I’m trying to get the LDA model to work that’s in the Stan manual. I’m using the exact same mode with the exception that I’m feeding in data as a matrix containing 0 values rather than the long vector used on the manual. The data is one-hot with 70% of the observations occurring in feature 10 and 30% of observations with a 1 on the feature #25. For the life of me I can’t figure out how to make this stable. I know that in chapter 17.3 of the manual there is discussion around not using Stan for mixtures. However, both Gelman’s blog and chapter 17.5 of the Stan manual seem to indicate that this would work. Am I missing something conceptually, or am I coding this incorrectly?

Below is the data injection and Stan modeling in case it points out something I’m doing wrong.

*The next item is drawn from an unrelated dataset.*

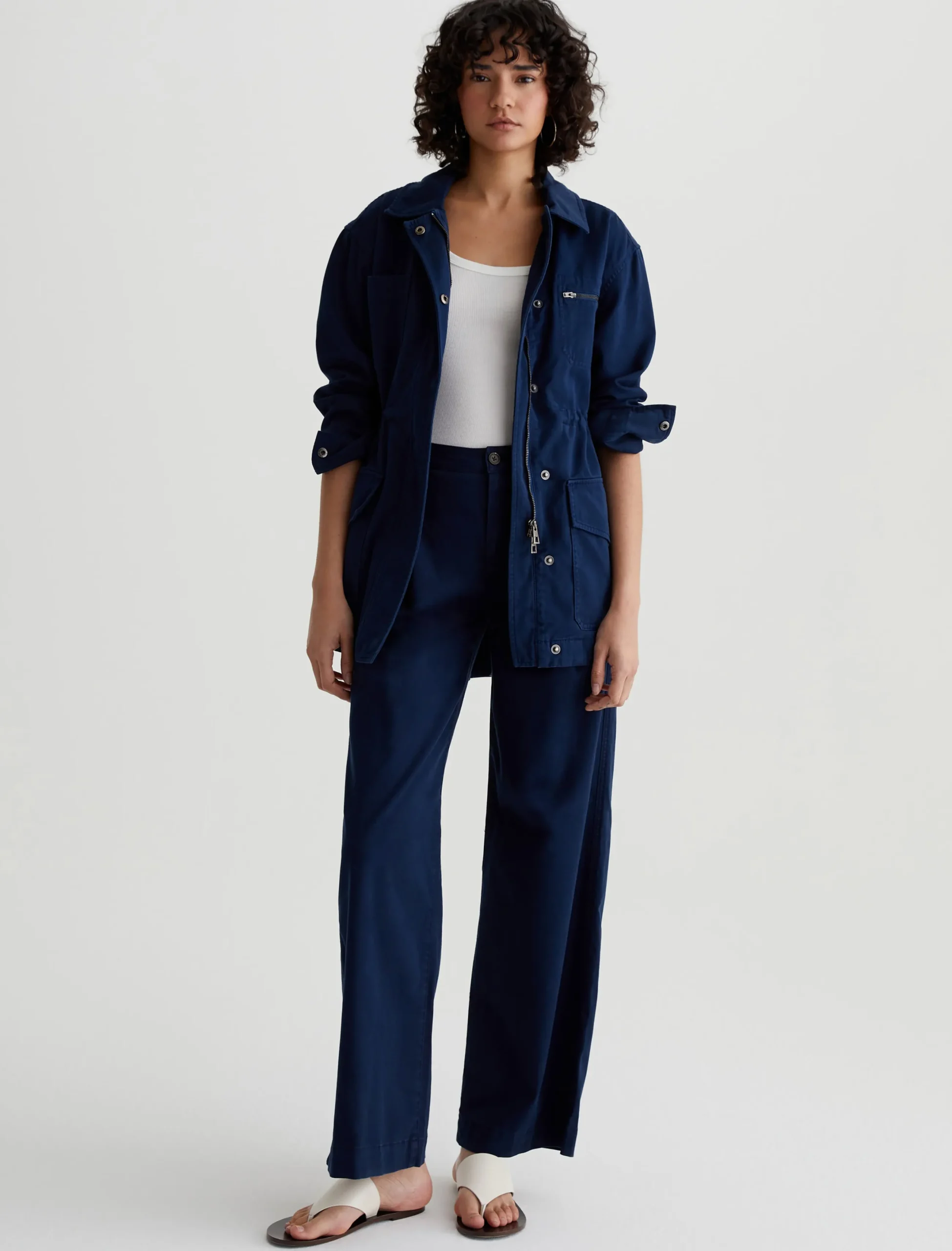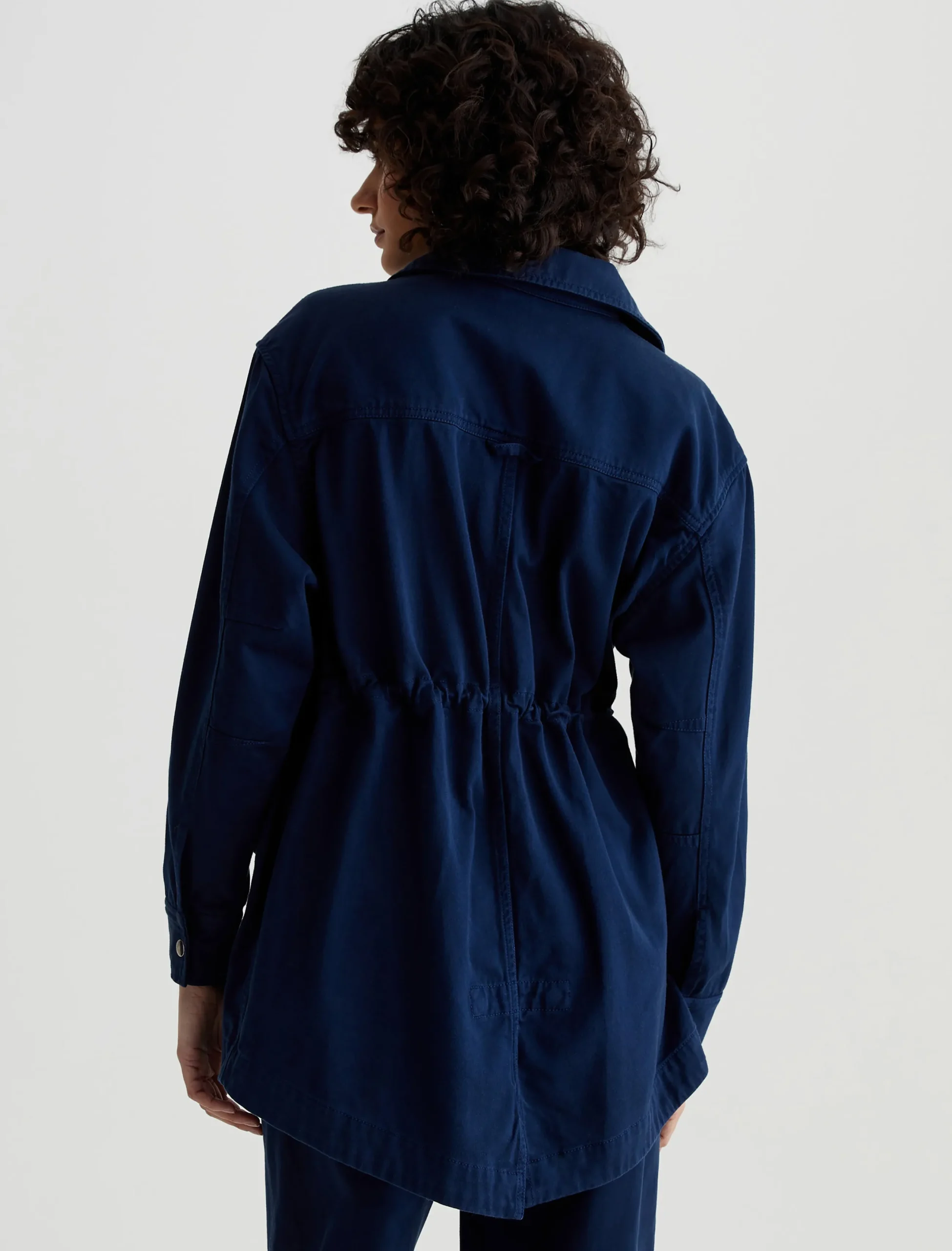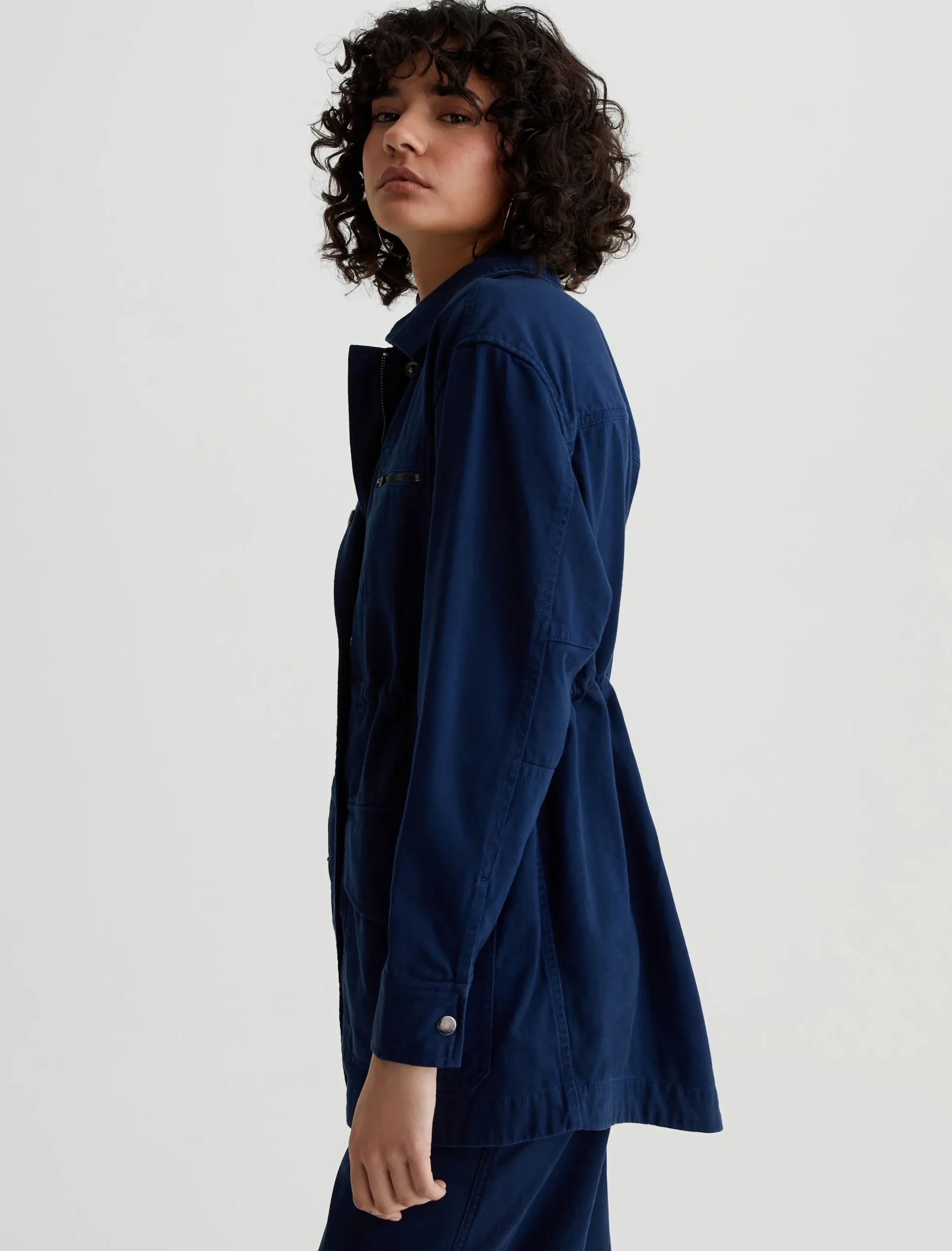 The Josephine Jacket offers a modern interpretation on classic utility styling. Cut from 100% cotton sateen in a deep navy shade, it’s cut for a relaxed fit and shaped by an adjustable interior drawcord. Complete with patch pockets, exposed zipper detailing, and a zip front concealed by a storm placket with metal snaps.

Thanks!

library(rstan)
library(shinystan)
rstan_options(auto_write = TRUE)
options(mc.cores = parallel::detectCores())

#GENERATE FAKE DATA
#   FAKE DATA HAS 2 MIXTURES
#   EACH MIXTURE HAS 1 SPECIFIC SIGNAL COLUMN
if(1) {
   features = 50
   datapoints = 100
   noise_features_per_row = 0
   # real_columns are 10 and 25
   # cluster_proporitions = 0.7,0.3
   data = matrix(0, nrow = datapoints, ncol = features)
   for (i in 1:datapoints) {
      #data[i,sample(1:features, noise_features_per_row, replace=F)]=1
      if(i < 70)
         data[i,10] = 1
      else
         data[i,25] = 1
   }
}


K = 2 #TOPICS
M = dim(data)[1] #ROWS/OBSERVATIONS
V = dim(data)[2] #FEATURES/COLUMNS

data = exp(data)


injected_data = list(
   
   #OBSERVATIONS
   M = M,
   K = K,
   V = V,
   y = data,
   
   #HYPERPRIORS
   alpha = rep(0.1, K),
   beta = rep(0.01, V)
   
)


model_to_use = "
   data {
      int<lower=1> K;               // num topics
      int<lower=2> V;               // num features
      int<lower=1> M;               // num rows
      vector<lower=0>[K] alpha;    // topic prior
      vector<lower=0>[V] beta;     // feature columns prior
      vector[V] y[M];
   }
   
   parameters {
      simplex[K] theta[M]; // topic dist for doc m
      simplex[V] phi[K]; // word dist for topic k
   }
   
   model {
      for (m in 1:M)
         theta[m] ~ dirichlet(alpha);  //prior
      
      for (k in 1:K)
         phi[k] ~ dirichlet(beta);     //prior
      
      for (m in 1:M) {
         for (v in 1:V) {
            real eta[K];
            for (k in 1:K) {
               if (y[m,v] != 0)
                  eta[k] = log(theta[m, k]) + log(phi[k, v]);
            }
            if (y[m,v] != 0)
               target += log_sum_exp(eta); //likelihood
         }
      }
   }

"

#FIT THE MODEL
fit = stan(
   model_code = model_to_use,
   data = injected_data,
   iter = 1000,
   chains = 2
)

traceplot(fit,c('phi[1,10]','phi[2,10]','phi[1,25]','phi[2,25]','phi[1,49]','phi[2,49]'),nrow=3,ncol=2)
oo_summary <- summary(fit)
print(oo_summary)
write.table(oo_summary,file="oo_summary.csv",sep=",") # keeps the rownames
#launch_shinystan(as.shinystan(fit))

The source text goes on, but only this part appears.